Wootton High School senior Catherine Contreras’ said some students with disabilities were scared and had trouble evacuating and getting to a meetup point outside.

“When I saw it firsthand, it was really eye opening and it made me really realize that this is a big issue and that this is not OK,” she said.

She’s become an advocate for students with disabilities demanding the school system bring its buildings into compliance with the Americans With Disabilities Act. She has testified at Montgomery County Council and school board meetings, pleading with them to address safety and accessibility issues.

The school system said in a statement that it is working on as many ADA improvement projects as possible within funding constraints and that a planned renovation at Wootton is designed to address many of the ADA issues advocates have identified.

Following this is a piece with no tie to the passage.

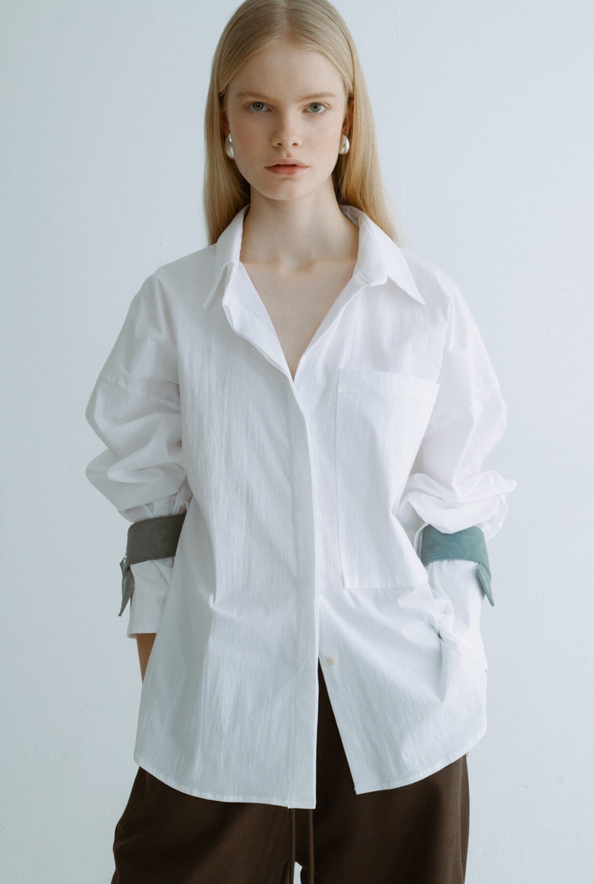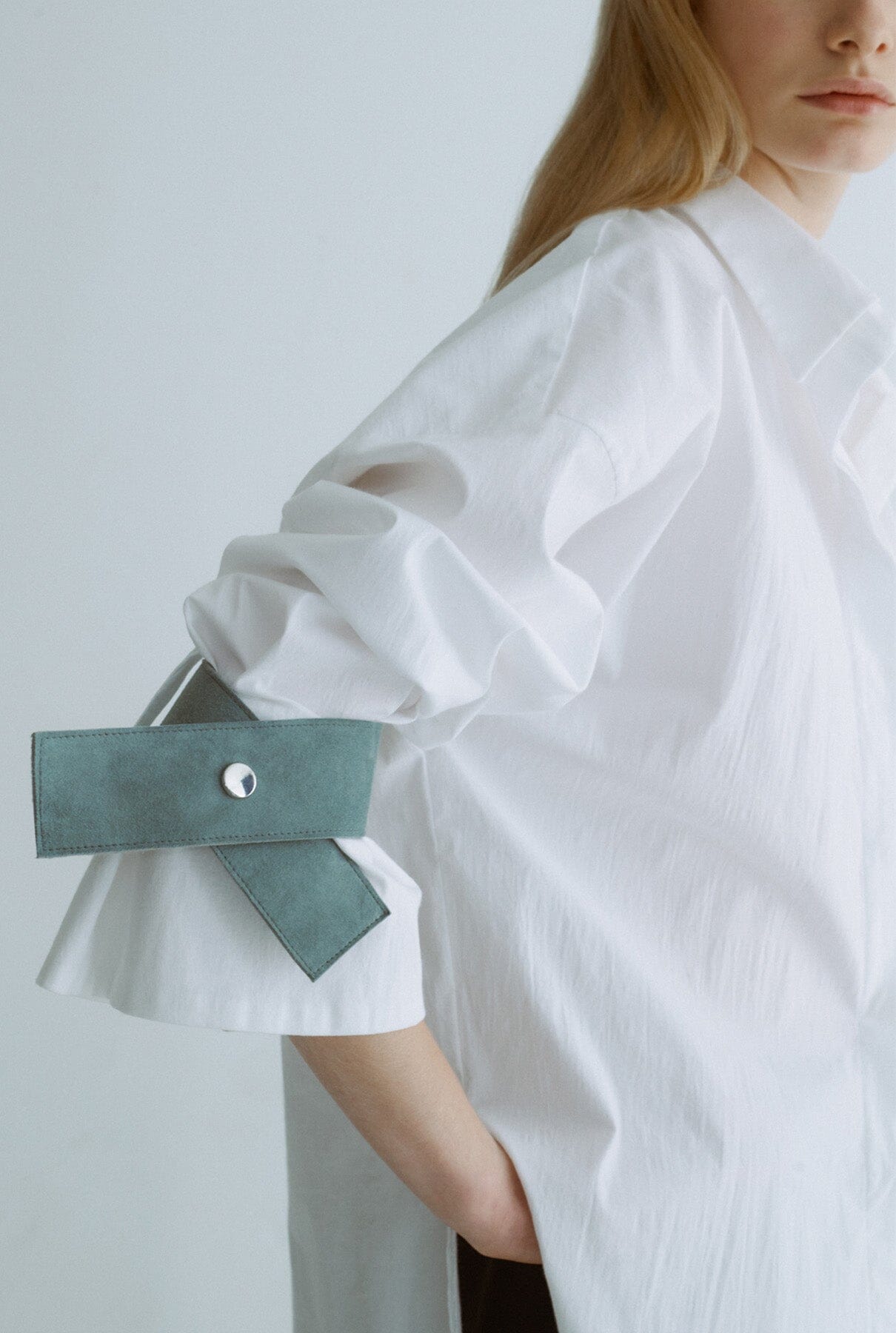 Camisa Miguel Marinero de algodón blanco con detalle de ante en puños. El ante en las mangas lo hace especial y único, aportando un look sofisticado y característico de la firma. Completa tu guardarropa con esta camisa básica de guardarropa, una opción versátil para reuniones elegantes o un look más casual, de estilo oversize.

Contreras’ friend and classmate Danny has Down syndrome.

“He is, I call him my sunshine,” Contreras said. “He is a bright human being.”

Danny’s dad is impressed with Contreras’ passion and persistence.

“They shouldn’t need much prodding,” John Fitzgerald said. “After all, it’s a federal law and it’s important, and it’s a good thing. Why not do it? I know it’s expensive. Let’s make it a priority.”

Contreras plans to continue her fight for kids like Danny beyond graduation.

“I hope to make a career out of this,” she said. “I hope to keep fighting for this for the rest of my life until this gets fixed, because this is truly a big passion of mine and something that’s long overdue.”

Contreras will provide public testimony to the Montgomery County School Board Tuesday — her last chance to pitch her cause as a high school student.

Montgomery County Public Schools statement:

“MCPS took the proactive step several years ago to bring in an outside contractor to assess all 208 MCPS school facilities for ADA compliance and to identify aspects that need remediation. The district published all of this information online so that communities have full information about the status of ADA features in their schools.

“This assessment yielded a wide range of information, everything from major structural improvements that would require major construction projects to resolve, to overgrown branches that impede pathways and access routes.  We are working through as many projects as feasible within funding constraints.  Some ADA issues, including many at Wootton High School, will require a major renovation to fully address.  Wootton HS is scheduled for major renovation in the next couple of years, contingent on funding, and this project will be designed to address many of the ADA issues that advocates have identified.

“Many public buildings in our county, state and nation are “out of compliance” with the ADA in one or more features due in part to age, but also due to the broad scope of ADA regulations, the frequent updates to the legislation, and changing building codes.  MCPS works continually with our school communities to address specific needs of staff, students, and families and to ensure access to the programs and services within our schools.  Accommodations are made to ensure student safety and access.”